導入前に決めたいのは、「LINEを使うか」ではなく、何をLINEで受け、どこから職員が対応し、既存の連絡帳アプリや電話とどう分けるかです。本記事では、新規問い合わせと利用中の家庭への連絡を混同せず、管理者・児発管・経営者が運用ルールを作る順番で整理します。

放デイでLINE公式が向く用途・向かない用途
LINE公式アカウントが向くのは、営業時間、所在地、見学の流れ、相談受付中の曜日といった、公開済みで共通の情報を案内する用途です。休業日や見学会の一斉配信、ホームページの更新案内、問い合わせ受付の完了通知にも使えます。入口をLINEにしても、正式な記録を事業所の管理表へ移す設計があれば、担当者以外も経過を追えます。
向かないのは、緊急連絡、当日の欠席連絡を即時対応する前提の窓口、個別支援の相談、利用可否の確定です。チャットが送信された事実と、職員が内容を確認して業務上の対応を終えた事実は同じではありません。「既読」が付いても、送迎担当や児発管への共有、記録、折り返しが残っている場合があります。
新規問い合わせでは、氏名、連絡方法、年齢・学年、見学希望といった一次受付に絞ります。障害名、診断、学校、住所、家庭状況など、初回の回答に不要な情報をトーク画面で詳しく送るよう求めません。必要な情報は、利用目的を説明し、管理された面談や申込の手続きで確認します。
利用中の家庭への連絡では、事業所の正式な連絡帳や業務システムとの二重管理が起こりやすくなります。LINEだけに支援経過が残ると、個別支援計画の担当者や当日の職員が確認できないことがあります。用途を「広報と新規受付」に限定する選択も、運用として十分に成立します。
無料枠でできること
LINEヤフーの公開情報では、LINE公式アカウントにはメッセージ配信、1対1のLINEチャット、トーク画面下部のリッチメニュー、ステップ配信などの機能があります。料金と機能は変更されるため、設定時には公式ページを再確認してください(取得日:2026年8月21日、LINEヤフー「LINE公式アカウント」)。
コミュニケーションプランは**月額固定費0円、無料メッセージ200通(2026年8月21日取得、LINEヤフー「LINE公式アカウント料金プラン」)**で、追加メッセージは送れません。通数は「事業所が送る配信」の設計に影響するため、友だち数と配信頻度から見積もります。個別チャットと一斉配信ではカウントの扱いが異なる場合があるので、公式のカウント方法も設定画面と合わせて確認します。
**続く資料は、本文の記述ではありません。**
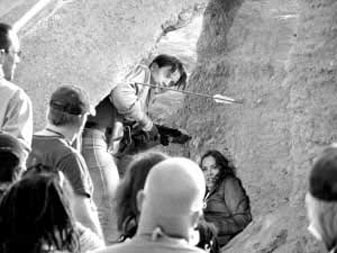 昨日(18日)拍攝的這場(chǎng)戲講的是布蘭登·弗雷澤與瑪麗亞·貝羅遭到敵人的追殺,二人在沙漠中一邊躲避弓箭的襲擊,一邊還擊,雕翎箭與短槍的交火頗有些“關(guān)公戰(zhàn)秦瓊”的味道。布蘭登扮演的里克一身牛仔裝扮,手拿一把短槍?zhuān)琅f延續(xù)了前兩集中的扮相,而瑪麗亞扮演的艾芙琳則穿著深棕色短款?yuàn)A克,足蹬馬靴,手持一把手槍。導(dǎo)演羅伯·科恩一聲“開(kāi)始”后,他們?cè)趲r石后緊張地躲避著敵人的追趕,此時(shí),一支雕翎箭射來(lái),擦著布蘭登的右臂射進(jìn)土墻,布蘭登立即伏地掩護(hù)瑪麗亞,并迅速用槍還擊,而瑪麗亞也起身與他并肩作戰(zhàn)。盡管這個(gè)鏡頭在片中只出現(xiàn)短短的10秒鐘,但科恩導(dǎo)演還是讓兩位主演拍了3遍。
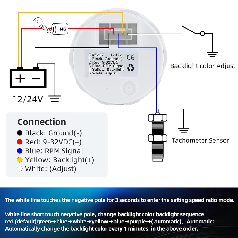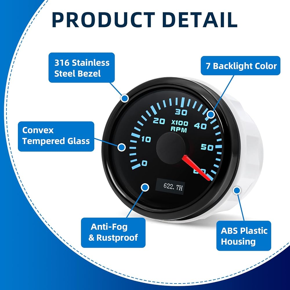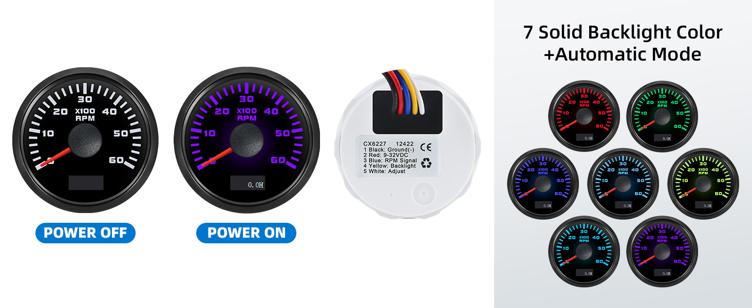 • 【العبوة】تتضمن مقياس سرعة الدوران، وحزام الأسلاك، وتعليمات التثبيت. يرجى ضبط نسبة السرعة المناسبة وفقًا لعدد الأسطوانات في سيارتك أو قاربك

無料で始められることと、運用コストがないことは別です。最初に、プロフィール、あいさつメッセージ、応答時間、担当部署、引き継ぎ先を設定します。毎月は、配信内容の確認、未対応チャットの点検、担当者不在時の引き継ぎ、友だち数とブロック状況の確認が発生します。
リッチメニューには「見学・利用相談」「空き状況」「アクセス」「よくある質問」など、利用者が次に行うことを少数に絞って置きます。LINE内に全情報を複製せず、更新元をホームページにしてリンクします。営業時間や送迎範囲が変わったとき、複数箇所を直す手間と表示の食い違いを減らせます。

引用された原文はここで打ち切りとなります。